2.22. Fluorescent Immunohistochemistry (IHC) Staining

CD44 and HA protein interactions in PDX and human breast tumor tissues were detected by fluorescent IHC staining. Paraffin-embedded PDX tissues were cut into 8-μm sections. The sections were preincubated in 3% H₂O₂ and 0.3% Triton X-100 before microwaving for antigen retrieval. For CD44 and HA immunostaining, sections were microwaved in Tris buffer (pH 6) for 10 min. For HA antibody (GTX17370, GeneTex, Irvine, CA, USA) blocking by HA (96144, Sigma-Aldrich, Saint Louis, MO, USA), the HA antibody was blocked by 1% of HA for 2 h. Following this step, the antigenicity of the tumor cells in sections was blocked in 5% horse serum (Chemicon, Temecula, CA, USA) for 30 min and subsequently incubated with diluted (1:100) CD44 (GTX628472, GeneTex, Irvine, CA, USA)- and HA (GTX17370, GeneTex, Irvine, CA, USA)-specific antibodies for 2 h at room temperature. AffiniPure goat anti-mouse rhodamine (200-022-037, Jackson ImmunoResearch, West Grove, PA, USA) and AffiniPure goat anti-rabbit FITC (111-095-003, Jackson ImmunoResearch, West Grove, PA, USA) secondary antibodies were diluted 1:50. Slides were incubated with secondary antibodies for 1 h at room temperature. After secondary antibody incubation, slides were immersed in Autofluorescence Eliminator Reagent (3016635, Sigma-Aldrich, Saint Louis, MO, USA) for 5 min. Slides were mounted with VECTASHIELD Antifade Mounting Medium (H-1000, Vector Laboratories, Burlingame, CA, USA) and imaged via confocal microscopy (DMI 6000B CS, Leica, Wetzlar, Germany).

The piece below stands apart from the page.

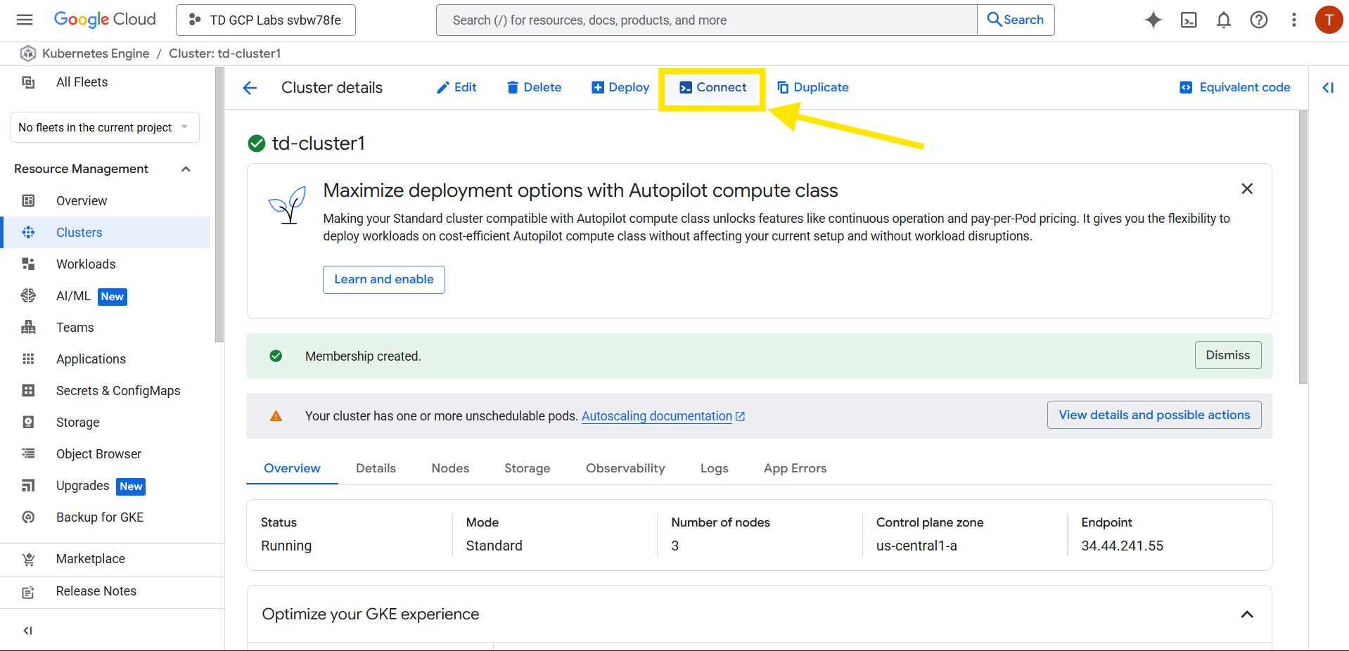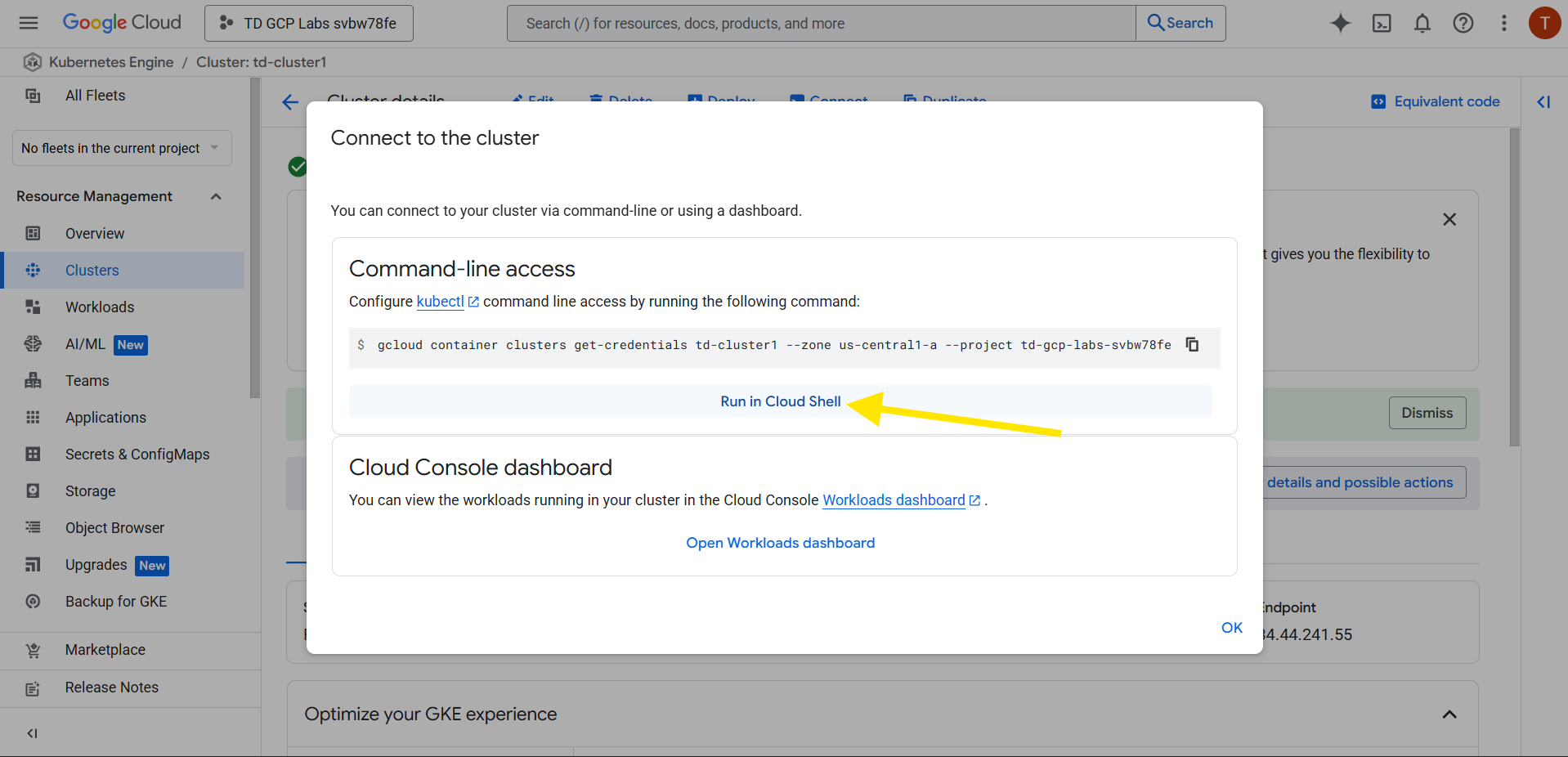 In this guided lab, you’ll learn how to connect to an existing GKE cluster using the Google Cloud Console and verify that the connection is successful.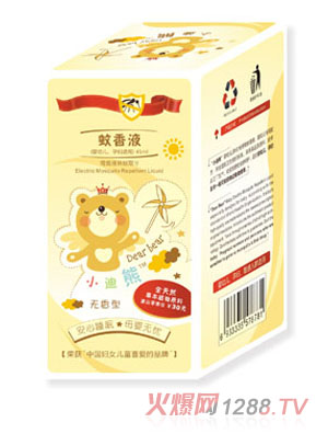 小迪熊蚊香液采用全天然植物精油配方,高品質原料,給bao--bao更安全的呵護,適合、孕婦及對一般滅蚊yaowuguomi者使用,符合國際衛生組織標準,品質有保障,在有效防蚊的同時,不會對bao--bao身體產生任何影響,是bao--bao首驅蚊產品。

2.23. Statistical Analysis

All data are expressed as the means with 95% confidence intervals (CIs) of at least three determinations, unless stated otherwise. A paired t-test was performed to compare HAS3 mRNA expression in paired normal tissues vs. tumor tissues dissected from breast cancer patients. The difference in HAS3 mRNA expression detected in tumor samples vs. normal samples was analyzed using the Scheffe test. All statistical comparisons were performed using Sigma Plot graphing software (Version 10, San Jose, CA, USA) and IBM SPSS Statistics, Version 21.0 (Armonk, NY, USA: IBM Corp.). All statistical tests were two-sided. A p value of 0.05 or less was considered to indicate statistical significance.

3. Results

3.1. Higher HAS3 Protein Expression was Detected in the Stromal ECM of Breast Tumor Tissue

In this study, we examined the mRNA expression of the HAS family members (HAS1, 2, and 3) in paired tumor (T) vs. normal (N) tissue samples by real-time PCR analysis (Figure 1a). HAS1, HAS2, and HAS3 mRNA expression levels were evaluated for correlations with clinical parameters (

Table 1. Demographic evaluation of clinical criteria and HAS3 mRNA expression fold changes between tumor vs. normal paired samples.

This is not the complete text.